The constructive process of knowledge acquisition: Student modeling

  • Hans Spada
  • Michael Stumpf
  • Klaus Opwis
Conference paper
Part of the Lecture Notes in Computer Science book series (LNCS, volume 360)


Despite some optimistic claims of the contrary it is still in the distant future to teach by means of truly self-adapting systems. Nevertheless, one main focus of Cognitive Science lies on this issue of how to construct a system which has the special feature to adjust its behavior to the student/user in a sophisticated way. One answer is student modeling. Findings of Cognitive Psychology and tools of Artificial Intelligence are combined to assess the student's knowledge and the learning process she is subject to, while working with the system. We discuss several approaches towards student modeling namely overlay models, enumerative diagnosis systems, and generative models based on theories of knowledge acquisition.

To address these topics, we have developed the AI-based microworld DiBi (disk billiard) and FEDS, a flat enumerative diagnosis system.

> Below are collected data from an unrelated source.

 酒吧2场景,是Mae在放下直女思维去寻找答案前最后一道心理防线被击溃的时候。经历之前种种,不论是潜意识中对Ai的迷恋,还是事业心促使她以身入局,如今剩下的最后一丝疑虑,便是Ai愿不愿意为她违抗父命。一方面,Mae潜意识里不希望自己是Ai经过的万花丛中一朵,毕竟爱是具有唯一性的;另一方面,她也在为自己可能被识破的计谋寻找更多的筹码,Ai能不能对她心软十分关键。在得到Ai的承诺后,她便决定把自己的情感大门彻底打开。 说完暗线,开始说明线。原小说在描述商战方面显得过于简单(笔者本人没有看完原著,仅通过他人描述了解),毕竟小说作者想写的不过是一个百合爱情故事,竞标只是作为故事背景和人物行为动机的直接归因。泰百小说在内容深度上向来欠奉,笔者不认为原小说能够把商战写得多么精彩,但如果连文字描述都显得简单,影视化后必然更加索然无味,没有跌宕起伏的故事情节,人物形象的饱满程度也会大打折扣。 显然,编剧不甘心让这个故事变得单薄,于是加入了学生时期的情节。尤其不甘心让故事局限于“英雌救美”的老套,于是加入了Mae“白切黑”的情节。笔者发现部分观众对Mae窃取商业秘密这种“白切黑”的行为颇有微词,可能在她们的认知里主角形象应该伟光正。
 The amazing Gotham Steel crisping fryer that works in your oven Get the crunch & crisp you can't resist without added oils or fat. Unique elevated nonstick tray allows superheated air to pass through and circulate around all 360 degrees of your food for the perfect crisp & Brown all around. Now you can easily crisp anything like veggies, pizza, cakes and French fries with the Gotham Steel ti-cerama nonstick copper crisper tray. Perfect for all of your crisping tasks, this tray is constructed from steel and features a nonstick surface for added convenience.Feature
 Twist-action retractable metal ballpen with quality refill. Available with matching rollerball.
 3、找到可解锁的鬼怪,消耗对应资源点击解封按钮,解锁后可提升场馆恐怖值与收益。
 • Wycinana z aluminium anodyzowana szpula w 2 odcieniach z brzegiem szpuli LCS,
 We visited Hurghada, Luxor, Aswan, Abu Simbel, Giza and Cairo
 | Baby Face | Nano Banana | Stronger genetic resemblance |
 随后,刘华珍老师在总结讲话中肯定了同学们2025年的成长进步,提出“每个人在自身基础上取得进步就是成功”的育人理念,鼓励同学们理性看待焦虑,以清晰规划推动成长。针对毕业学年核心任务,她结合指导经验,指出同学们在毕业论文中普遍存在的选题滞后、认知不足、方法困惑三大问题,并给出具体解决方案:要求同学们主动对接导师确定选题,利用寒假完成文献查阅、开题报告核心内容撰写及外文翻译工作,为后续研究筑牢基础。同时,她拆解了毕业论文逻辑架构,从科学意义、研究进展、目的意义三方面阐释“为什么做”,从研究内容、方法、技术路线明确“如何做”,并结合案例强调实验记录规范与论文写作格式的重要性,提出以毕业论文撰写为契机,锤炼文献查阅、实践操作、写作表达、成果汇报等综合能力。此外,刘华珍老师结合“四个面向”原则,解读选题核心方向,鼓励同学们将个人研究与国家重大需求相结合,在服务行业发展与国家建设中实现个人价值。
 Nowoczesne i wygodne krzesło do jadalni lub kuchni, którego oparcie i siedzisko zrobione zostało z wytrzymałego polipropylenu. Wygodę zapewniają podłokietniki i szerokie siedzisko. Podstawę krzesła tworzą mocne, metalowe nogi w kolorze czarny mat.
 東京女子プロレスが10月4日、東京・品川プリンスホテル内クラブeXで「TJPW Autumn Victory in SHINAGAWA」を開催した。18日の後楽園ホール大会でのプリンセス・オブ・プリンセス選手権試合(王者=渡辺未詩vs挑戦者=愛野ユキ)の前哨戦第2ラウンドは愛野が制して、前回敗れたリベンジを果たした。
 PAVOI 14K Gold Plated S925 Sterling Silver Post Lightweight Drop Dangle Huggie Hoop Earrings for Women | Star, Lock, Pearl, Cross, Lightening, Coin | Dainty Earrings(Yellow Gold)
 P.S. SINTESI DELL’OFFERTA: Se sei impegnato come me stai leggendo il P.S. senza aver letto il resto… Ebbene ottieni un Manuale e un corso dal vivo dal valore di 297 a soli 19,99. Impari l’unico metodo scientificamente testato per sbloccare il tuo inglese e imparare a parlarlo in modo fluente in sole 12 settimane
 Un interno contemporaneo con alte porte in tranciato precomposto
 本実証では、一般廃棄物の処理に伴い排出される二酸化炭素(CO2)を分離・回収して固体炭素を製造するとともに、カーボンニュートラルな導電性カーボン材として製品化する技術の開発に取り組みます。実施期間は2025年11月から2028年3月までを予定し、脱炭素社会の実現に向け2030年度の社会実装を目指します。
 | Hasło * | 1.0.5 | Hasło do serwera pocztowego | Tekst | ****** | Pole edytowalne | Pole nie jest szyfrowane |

Both systems are implemented on XEROX 11xx/SIEMENS 58xx machines running InterLISP-D and PRISM.

DiBi is a computerized learning environment for elastic impacts as a subtopic of classical mechanics. The student learns by designing experiments, making predictions about their outcomes and by revising her hypotheses based on a comparison of her predictions with the computer-generated feedback. The constructive process of knowledge acquisition can be understood as experience-based learning.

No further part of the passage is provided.